*** Begin section ***

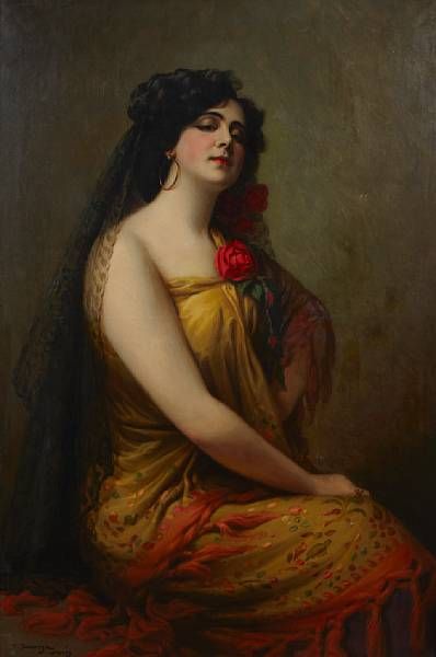 | A portrait of a lady, three-quarter-length, in a yellow dress with a rose | |
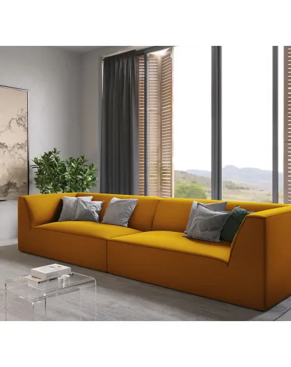 Sofá recto amarillo Velours Sao de 4 plazas - 302x93x69 cm
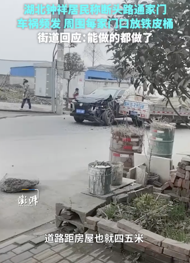 湖北居民称门口断头路车祸频发。近日,湖北钟祥市陈先生向澎湃新闻反映,一条断头路直面自己家门,车祸频发,邻居每家门口都挡着铁皮桶。郢中街道办工作人员回应,已向上反映,但路的规划建设由市政部门决定。湖北居民称门口断头路车祸频发湖北居民称门口断头...
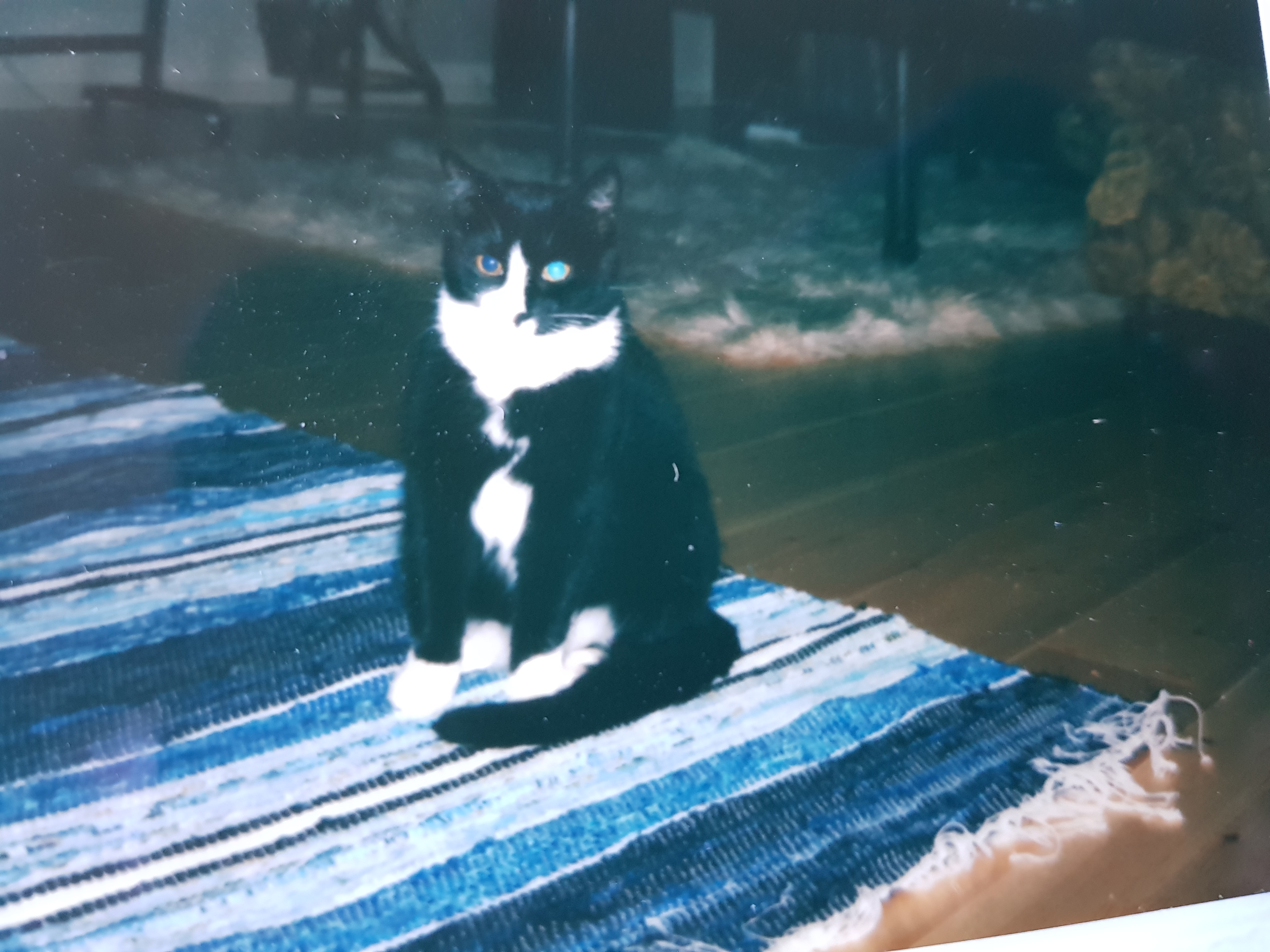 Här är en bild från runt 1981 när vi fick vår första katt, Katten. Han älskade att vara ute och jaga och små barn kunde bära honom upp och ner så ute var han hur snäll som helst. Inomhus letade han hela tiden möjlighet att ta sig ut och sprang runt och väste och hoppade upp på dörrhandtag. Jag hade honom ofta med i skogen där han gick lös och följde efter som en hund. Tyvärr gick han bort vid 10 års ålder efter att ha råkat bli instängd någonstans och kom hem efter någon vecka helt uttorkad så att han inte kunde räddas.
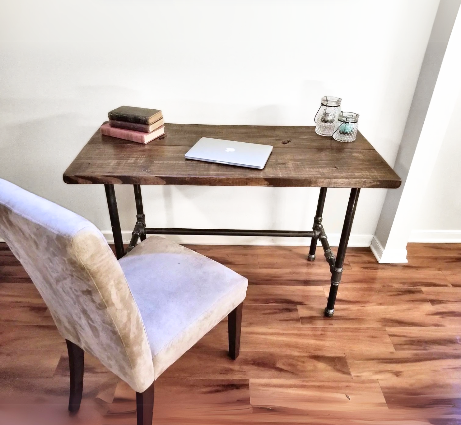 Desk is made of hand picked Premium Pine wood and black steel legs/base. Pipe size is 25% larger than the 3/4 pipe that is typically used (picture is provided for comparison) Desk shown is 48" x 22.5" and 30" high. Wood stain shown is Dark Walnut. Stains can be viewed here: https://www.steelandpine.com/stains/ Feel free to contact us if you are looking for any customizations (Size, keyboard tray, shelves, etc.) Happy to help!
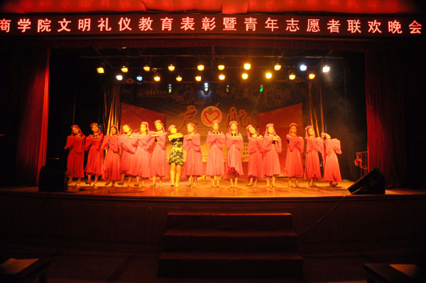 12月6日晚6点30分,商学院“文明礼仪总结表彰暨青年志愿者联欢晚会”在大学生活动中心隆重举行。商学院党总支书记吴祝平、党总支副书记杨勇、学工处教育管理科长陈国清、教务处教务科副科长肖华、商学院团总支副书记崔现强及商学院全体辅导员以及1000多名学生观看了演出。
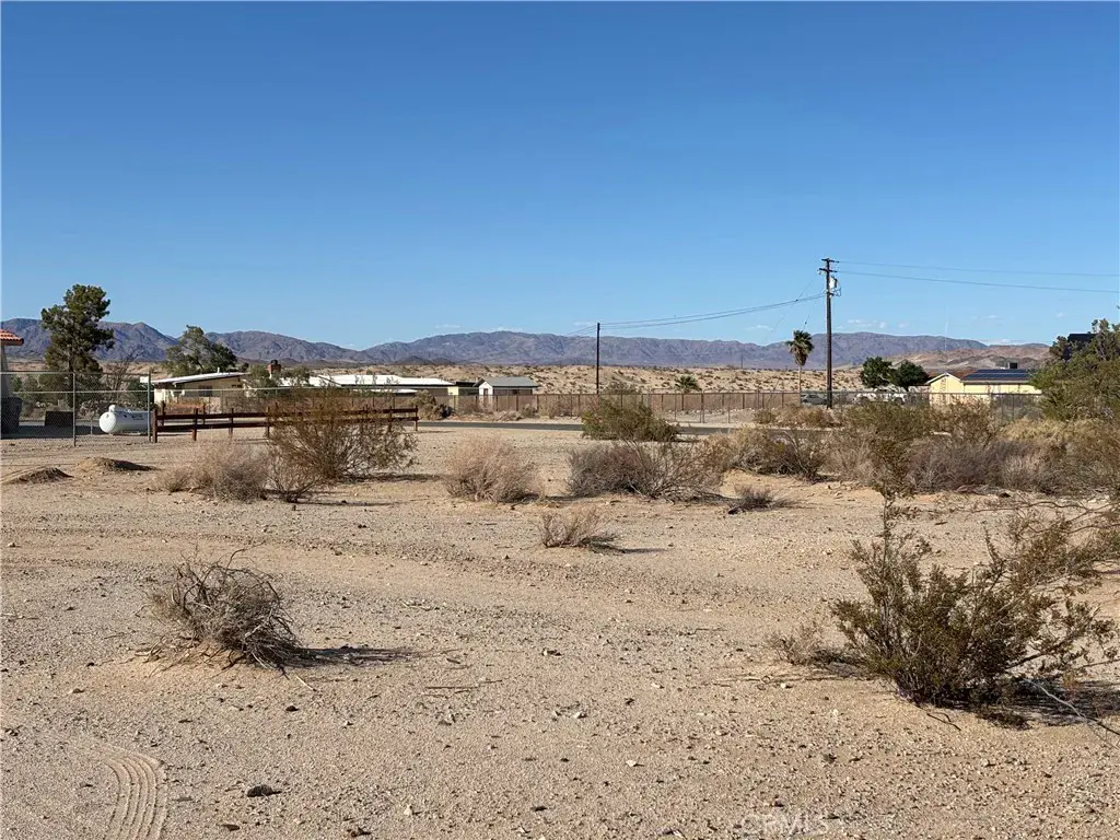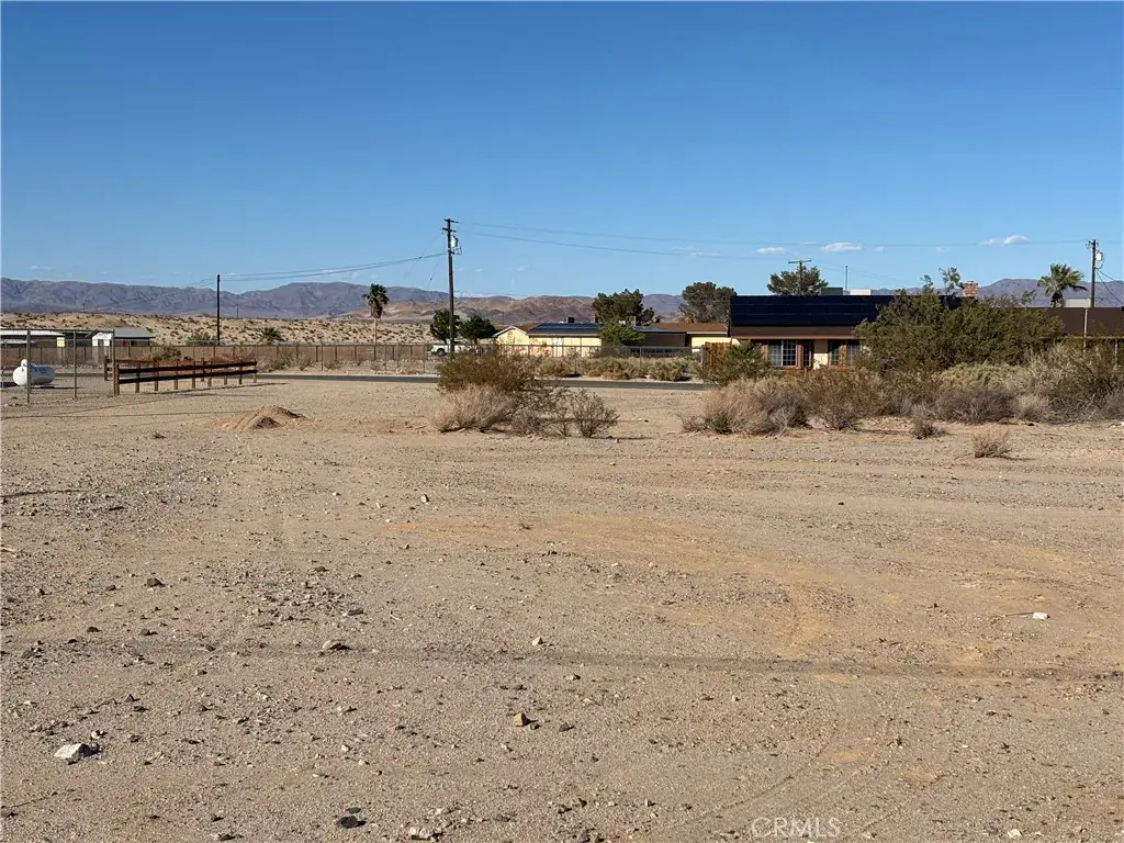 Large almost half an acre lot set in a residential nook in the Cambell Hill neighborhood of 29 Palms. This lot might be perfect for your dream build in a rural location that still is close to all of the city of 29 Palms and the high desert have to offer. The lot is .46 acres, flat and clean, level with the street and has power lines at the back and city water available to it. Off the front of the property there are expansive views to the northeast. 29 Palms is growing and improving year after year with a new city center called Freedom Plaza which hosts a weekly farmers and art market, special events and is being surrounded by new and existing great restaurants and chic boutique shops. This location is only a ten minute drive to the entrance to Joshua Tree National Park. Also 10 minutes to the MCAGCC 29 Palms marine base. Just 5 minutes to Luckie Park which has a skate park, community swimming pool as well as plenty of fields and sporting courts. Come make this great parcel your investment in the high desert. Address is fictitious and for marketing purposes only.
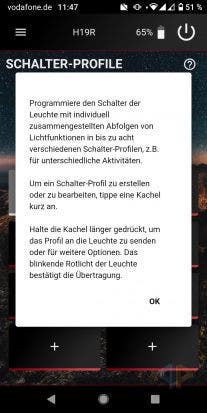 Zudem können bis zu acht unterschiedliche Schalterprofile programmiert werden. Jedes dieser Profile kann bis zu sechs aufeinander folgende Lichtfunktionen enthalten, so dass beispielsweise Lichtsignale oder schnelle Stroboskop-Effekte hinterlegt werden können. Alle diese Funktionen gelten sodann für die Tasten am Lampenkopf und die Fernbedienung gleichermassen, wenn die Lampe schon eingeschaltet ist.
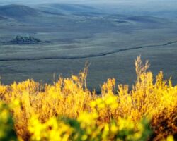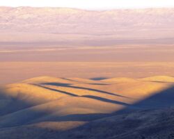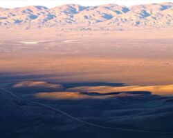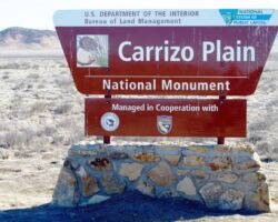 The Carrizo Plain National Monument is about fifty miles West of Bakersfield; about thirty-five miles West of Highway 99; and/or about ten miles West of Highway 33. It is approximately 250,000 acres in size— about 38 miles long—and 17 miles wide, running approximately NW to SE. The Monument is distinguished for its world-class fossils, paleontological resources, and as the location where several rock formations were first recognized and defined such as the Paso Robles, Caliente, and Morales formations. The geomorphic and geologic structures of the Monument are the product of millions of years of erosion, sediment deposition, faulting, volcanism, and uplift. Most of the sediments that consolidated to form the Caliente and Temblor Ranges that surround the Plain were deposited into marine and near-shore basins during the Miocene Epoch.
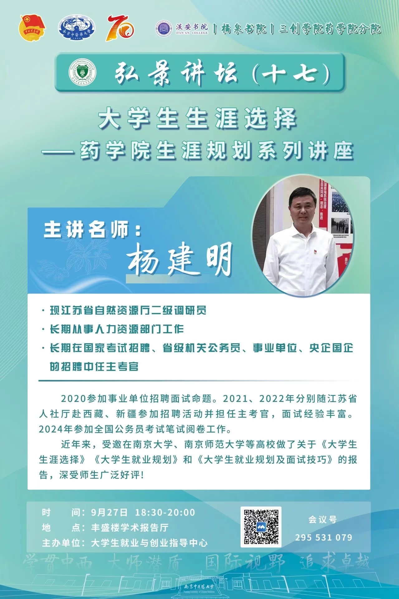 亲爱的同学们,你们将站在人生的十字路口,你们拥有无限可能:成为探索未知的科学家、引领变革的企业家、敢为人先的创新创业者、守护健康的临床药学专家、引领药政的政府药学管理专家。为了揭开职业选择的神秘面纱,点亮前行的灯塔,PlayAce游戏平台精心策划了一系列生涯规划讲座。这不仅是一次经验分享,更是一次探索自我、规划未来的旅程。让我们携手,为你的梦想插上翅膀!

*** End section ***

TASK DIRECTIONS
Restate all of the data word for word and include no pictures.

SOLUTION
 | A portrait of a lady, three-quarter-length, in a yellow dress with a rose | |
 Sofá recto amarillo Velours Sao de 4 plazas - 302x93x69 cm
 湖北居民称门口断头路车祸频发。近日,湖北钟祥市陈先生向澎湃新闻反映,一条断头路直面自己家门,车祸频发,邻居每家门口都挡着铁皮桶。郢中街道办工作人员回应,已向上反映,但路的规划建设由市政部门决定。湖北居民称门口断头路车祸频发湖北居民称门口断头...
 Här är en bild från runt 1981 när vi fick vår första katt, Katten. Han älskade att vara ute och jaga och små barn kunde bära honom upp och ner så ute var han hur snäll som helst. Inomhus letade han hela tiden möjlighet att ta sig ut och sprang runt och väste och hoppade upp på dörrhandtag. Jag hade honom ofta med i skogen där han gick lös och följde efter som en hund. Tyvärr gick han bort vid 10 års ålder efter att ha råkat bli instängd någonstans och kom hem efter någon vecka helt uttorkad så att han inte kunde räddas.
 Desk is made of hand picked Premium Pine wood and black steel legs/base. Pipe size is 25% larger than the 3/4 pipe that is typically used (picture is provided for comparison) Desk shown is 48" x 22.5" and 30" high. Wood stain shown is Dark Walnut. Stains can be viewed here: https://www.steelandpine.com/stains/ Feel free to contact us if you are looking for any customizations (Size, keyboard tray, shelves, etc.) Happy to help!
 12月6日晚6点30分,商学院“文明礼仪总结表彰暨青年志愿者联欢晚会”在大学生活动中心隆重举行。商学院党总支书记吴祝平、党总支副书记杨勇、学工处教育管理科长陈国清、教务处教务科副科长肖华、商学院团总支副书记崔现强及商学院全体辅导员以及1000多名学生观看了演出。
 Large almost half an acre lot set in a residential nook in the Cambell Hill neighborhood of 29 Palms. This lot might be perfect for your dream build in a rural location that still is close to all of the city of 29 Palms and the high desert have to offer. The lot is .46 acres, flat and clean, level with the street and has power lines at the back and city water available to it. Off the front of the property there are expansive views to the northeast. 29 Palms is growing and improving year after year with a new city center called Freedom Plaza which hosts a weekly farmers and art market, special events and is being surrounded by new and existing great restaurants and chic boutique shops. This location is only a ten minute drive to the entrance to Joshua Tree National Park. Also 10 minutes to the MCAGCC 29 Palms marine base. Just 5 minutes to Luckie Park which has a skate park, community swimming pool as well as plenty of fields and sporting courts. Come make this great parcel your investment in the high desert. Address is fictitious and for marketing purposes only.
 Zudem können bis zu acht unterschiedliche Schalterprofile programmiert werden. Jedes dieser Profile kann bis zu sechs aufeinander folgende Lichtfunktionen enthalten, so dass beispielsweise Lichtsignale oder schnelle Stroboskop-Effekte hinterlegt werden können. Alle diese Funktionen gelten sodann für die Tasten am Lampenkopf und die Fernbedienung gleichermassen, wenn die Lampe schon eingeschaltet ist.
 The Carrizo Plain National Monument is about fifty miles West of Bakersfield; about thirty-five miles West of Highway 99; and/or about ten miles West of Highway 33. It is approximately 250,000 acres in size— about 38 miles long—and 17 miles wide, running approximately NW to SE. The Monument is distinguished for its world-class fossils, paleontological resources, and as the location where several rock formations were first recognized and defined such as the Paso Robles, Caliente, and Morales formations. The geomorphic and geologic structures of the Monument are the product of millions of years of erosion, sediment deposition, faulting, volcanism, and uplift. Most of the sediments that consolidated to form the Caliente and Temblor Ranges that surround the Plain were deposited into marine and near-shore basins during the Miocene Epoch.
 亲爱的同学们,你们将站在人生的十字路口,你们拥有无限可能:成为探索未知的科学家、引领变革的企业家、敢为人先的创新创业者、守护健康的临床药学专家、引领药政的政府药学管理专家。为了揭开职业选择的神秘面纱,点亮前行的灯塔,PlayAce游戏平台精心策划了一系列生涯规划讲座。这不仅是一次经验分享,更是一次探索自我、规划未来的旅程。让我们携手,为你的梦想插上翅膀!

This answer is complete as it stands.